Exercise: Set down only these lines, exactly: the line containing "Tourenverhältnisse: Es war" and all lines through the end of the data below. Omit pictures.

==========

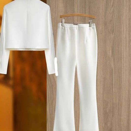 A Heavy Industry Bead Crew Neck Short Fashion Jacket Set Two-piece Premium
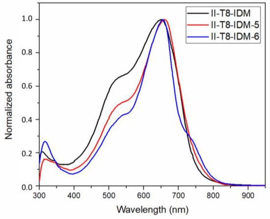 3.2.6. Synthesis of 2,2′-((2Z,2′Z)-((((E)-1,1′-Bis(2-Octyldodecyl)-2,2′-Dioxo-[3,3′-Biindolinylidene]-6,6′-Diyl)Bis(4-Octylthiophene-5,2-Diyl))Bis(Methaneylylidene))Bis(3-Oxo-2,3-Dihydro-1H-Indene-2,1-Diylidene))Dimalononitrile (II-T8-IDM)
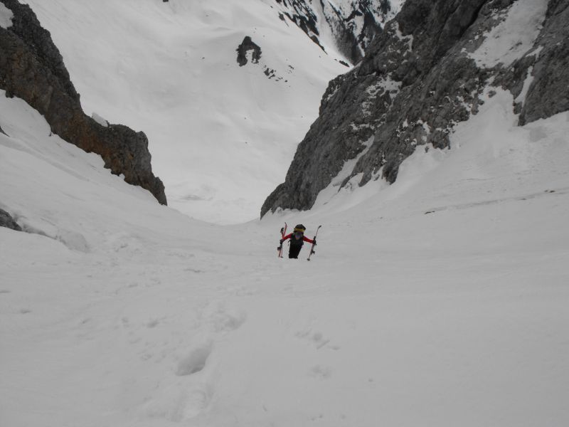 Tourenverhältnisse: Es war in der Nacht nicht sternenklar und deshalb war es Gott sein Dank nicht so extrem hart. Rote-Rinn-Scharte fast bis ganz oben mit Ski gegangen. Von Hinterbärenbad muss man 700 Höhenmeter die Ski zur Pyramidenspitze tragen. Letzte Woche war die Forststraße unter der Egersgrinn noch fahrbar, jetzt muss man aber komplett tragen.
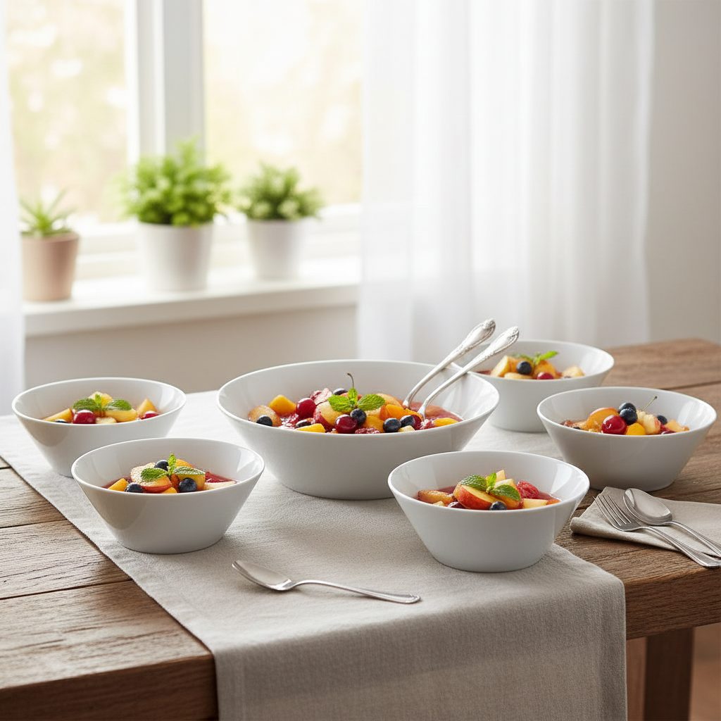 Compot set for 6 persons, Thun 1794 Carlsbad porcelain, TOM white Bowl 24 cm, 6x bowl 16 cm Shape TOM, white porcelain, no decoration. MICROWAVE AND DISHWASHER SAFE, INGLAZED.
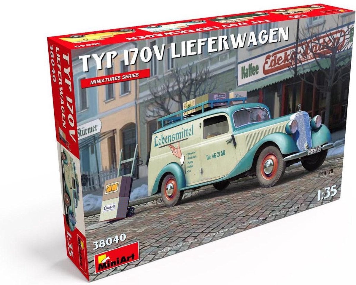 De MiniArt 1:35 Typ 170V Lieferwagen is een modelbouwkit van een Duitse bestelwagen, de Typ 170V Lieferwagen, uit de jaren 30 en 40 van de 20e eeuw. Deze bestelwagen werd geproduceerd door Mercedes-Benz en werd gebruikt voor verschillende transport- en bezorgtaken. De Typ 170V Lieferwagen was een robuuste en betrouwbare bestelwagen met een laadruimte aan de achterkant, waardoor het geschikt was voor het vervoeren van goederen en ladingen. Het werd aangedreven door een efficiënte motor en had een eenvoudig maar praktisch ontwerp. Photo etch onderdelen, decals voor 4 versies en kar plus kartonnen dozen inbegrepen!
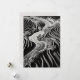 A stunning high-resolution black and white abstract landscape, crafted in the style of fractal art. This intricate composition features swirling lines that echo the paths of rivers or streams flowing through a rugged, textured terrain. Sparse vegetation and natural forms emerge through complex patterns, while the interplay of light and shadow adds depth and dimensionality. Perfect for lovers of modern, nature-inspired abstract art with a monochromatic edge.

==========

Task result:
 Tourenverhältnisse: Es war in der Nacht nicht sternenklar und deshalb war es Gott sein Dank nicht so extrem hart. Rote-Rinn-Scharte fast bis ganz oben mit Ski gegangen. Von Hinterbärenbad muss man 700 Höhenmeter die Ski zur Pyramidenspitze tragen. Letzte Woche war die Forststraße unter der Egersgrinn noch fahrbar, jetzt muss man aber komplett tragen.
 Compot set for 6 persons, Thun 1794 Carlsbad porcelain, TOM white Bowl 24 cm, 6x bowl 16 cm Shape TOM, white porcelain, no decoration. MICROWAVE AND DISHWASHER SAFE, INGLAZED.
 De MiniArt 1:35 Typ 170V Lieferwagen is een modelbouwkit van een Duitse bestelwagen, de Typ 170V Lieferwagen, uit de jaren 30 en 40 van de 20e eeuw. Deze bestelwagen werd geproduceerd door Mercedes-Benz en werd gebruikt voor verschillende transport- en bezorgtaken. De Typ 170V Lieferwagen was een robuuste en betrouwbare bestelwagen met een laadruimte aan de achterkant, waardoor het geschikt was voor het vervoeren van goederen en ladingen. Het werd aangedreven door een efficiënte motor en had een eenvoudig maar praktisch ontwerp. Photo etch onderdelen, decals voor 4 versies en kar plus kartonnen dozen inbegrepen!
 A stunning high-resolution black and white abstract landscape, crafted in the style of fractal art. This intricate composition features swirling lines that echo the paths of rivers or streams flowing through a rugged, textured terrain. Sparse vegetation and natural forms emerge through complex patterns, while the interplay of light and shadow adds depth and dimensionality. Perfect for lovers of modern, nature-inspired abstract art with a monochromatic edge.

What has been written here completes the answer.